Glen Chambers — the poor bastard at the very center of this unbelievable chain of events — had, until a few days ago, been a faceless nobody: a father of one, known only to his family, a handful of friends, and his work colleagues. Hawkins could have passed him in the street a hundred times and not given him a second glance. But now he had to force himself to forget that this monster had once been a man, and instead focus on the carnage and unspeakably evil acts the creature was responsible for. No one could be expected to remain sane under the torturous circumstances Chambers had endured, and it could even be argued that he was as innocent as any of his victims, but the undisputable fact remained: Regardless of intent or blame, the aberration had to be stopped.

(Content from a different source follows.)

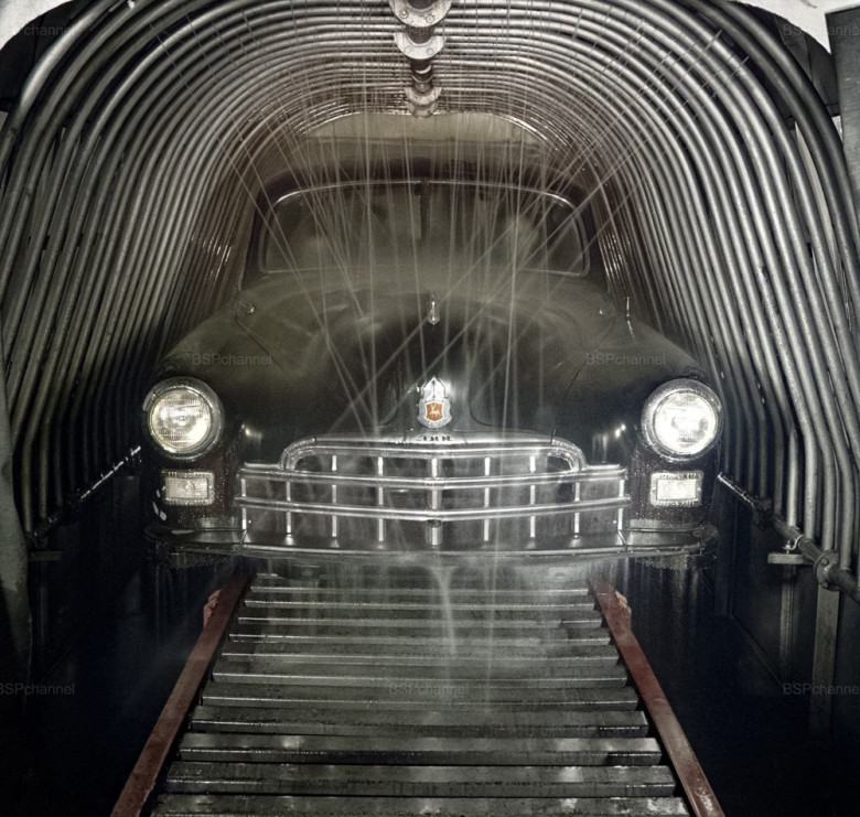 Tightness testing of a ZIM body at the Molotov Gorky Automobile Plant. Gorky, 1955.

Major Hawkins had first become involved after the initial attack at the clinic. The people there had done all they could to help Chambers, keeping him sedated and under observation while they searched for a way to reverse the effects of the accident and stop his body growing and distorting. And how had he repaid their kindness and concern? By killing more than thirty innocent people in a wild frenzy and reducing the entire facility to rubble, that was how. Then the cowardly bastard had gone into hiding until there were no longer any buildings big enough for him to hide inside.

The attack on Shrewsbury had ratcheted up the seriousness of the situation to another level, the sheer amount of damage and the number of needless deaths making it clear that destroying the aberration quickly was of the utmost importance. This was a threat the likes of which had never been experienced before. Men, women, and children were needlessly massacred, their bodies crushed or torn limb from limb. The streets were filled with rubble and blood.

The Chambers creature had attacked the picturesque town without provocation, decimating its historic buildings and killing hundreds of innocent bystanders. Even then, when it had had its fill of carnage there, it moved on and the bloodshed continued unabated. They’d tracked the beast halfway across the country, following the trail of devastation it left in its wake. The foul monstrosity had spared nothing and no one. Even livestock grazing in farmers’ fields hadn’t escaped the monster’s reach. Hundreds of dismembered animal corpses lay scattered for miles around.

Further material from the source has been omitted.